You can find out more about these events in the Crash Course Astronomy episode I did on the Sun:
I also have a chapter in my book Death From the Skies! about solar storms and their effects on Earth.
When I wrote about the 774 event on this blog before, I mentioned that a flare or coronal mass ejection was unlikely to be the source due to the amount of energy needed to create these radioactive elements. However, that new research indicates that the Sun is the most likely culprit for this interplanetary assault, and that, in turn, means the Sun can produce more powerful events than we previously thought.
We’ve known for a long time that the Sun is capable of producing huge magnetic explosions. In 2003 it let rip a series of solar storms so powerful that one of them set the record for the biggest flare seen in modern times. And the strongest known was also the very first solar explosion ever seen—called the Carrington Event, after an astronomer who studied it—and happened in 1859. It created aurora as far south as Mexico and Hawaii! Events like that can also create what are called geomagnetically induced currents, or GICs: The Earth’s magnetic field shakes so violently that it induces currents in conductors on the ground. Telegraph operators reported being able to send messages even though the power was disconnected; enough electricity was flowing through the lines to work the devices.
There’s more. In 2012 the Sun blew out another blockbuster that was in many ways the equal of the one in 1859, but happily for us it was sent off in another direction, and missed the Earth. Had it hit us, the huge flux of charged particles would have overloaded satellites. Worse, the GIC would’ve caused widespread power failures and blackouts. A much smaller solar storm in 1989 did just that in Quebec.
It’s not clear whether the 774 and 993 events were that powerful or more; it’s hard to scale these things without direct measurements. But the astronomers who did the research estimate the 774 event (the more powerful of the pair) was five times stronger than any solar storm seen in the modern satellite era (starting in 1956) up to 2005.
I’ll admit, that’s scary. Our modern civilization depends on our electronic devices, and those in turn depend on electricity and satellites. A blast hitting the Earth from a storm as big as any of those four historical events would be bad. Very bad. The 1989 power surge blew out huge transformers in North America, and these can take months to replace. Imagine months without electricity, and you start to get an idea of how disastrous this can be.
We don’t know how often the Sun throws a tantrum as large as these, but clearly it’s done so at least four times in the past millennium or so—probably more, since three of them hit the Earth, and we only knew of the fourth due to our space-based astronomical assets. Statistically speaking, most will miss us, so they’re likely more common than we thought.
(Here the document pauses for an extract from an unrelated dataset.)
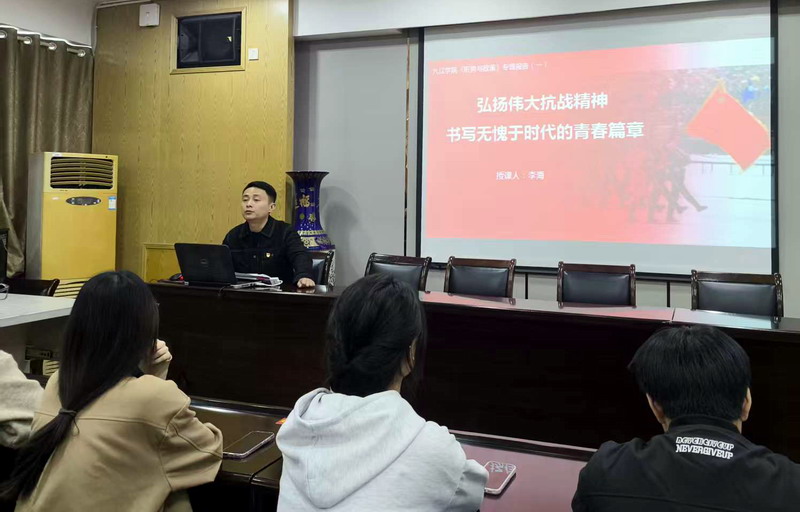 讲座中,李海从中国人民抗战历程,中国共产党的中流砥柱作用,中国人民抗战胜利的历史意义,抗战精神的历史启示和时代价值四个方面展开授课。他系统回顾了中国人民抗日战争的壮阔历程,引导学员们认识到,国际竞争的实质从未改变,核心利益与国家实力是国际关系的基石。指出作为生长在和平年代的青年一代,尤其是作为入党积极分子,必须深刻理解和自觉传承这一宝贵精神财富。要将爱国情怀融入血脉,将民族气节付诸行动,将英雄气概用于攻克学习与生活中的难关,将必胜信念锚定民族复兴的宏伟目标。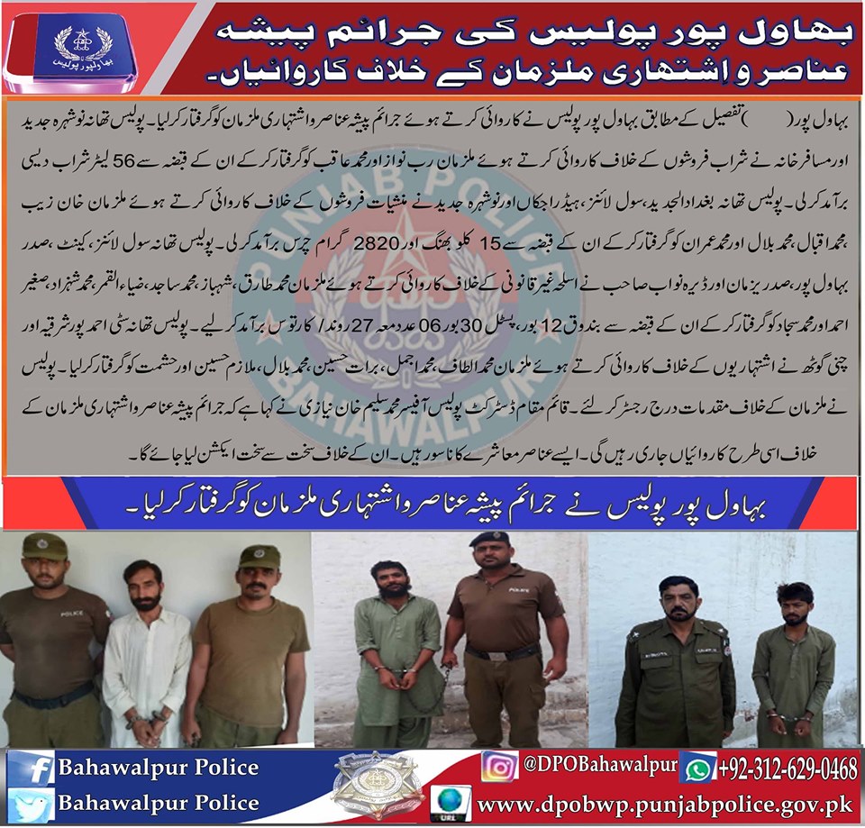 بہاولپور پولیس کا جرائم پیشہ عناصر و اشتہاری ملزمان کے خلاف کاروائیاں جاری

This is a threat we need to take very seriously. Unfortunately, it’s extremely expensive to mitigate. Our power grid in the U.S. was constructed decades ago when our use of electricity was much lower. It was designed with lots of spare room for more power flowing through it, but over the years our appetite has grown, and the grid is currently very nearly at capacity. Big spikes now can cripple huge areas.
We need to upgrade the grid, add more capacity, more capability to handle surges induced by solar storms. The good news is there are studies being done to see what we can do to prevent widespread blackouts, and NASA is on it as well. We also have eyes on the Sun, including NASA’s Solar Dynamics Observatory, and scientists monitor “space weather” constantly.
By coincidence, just last night I read that the White House is looking into this situation pretty seriously, and I’m very glad to hear it. A monster solar storm may be the biggest and most immediate threat there is from space, but it’s one we can handle if we’re prepared for it.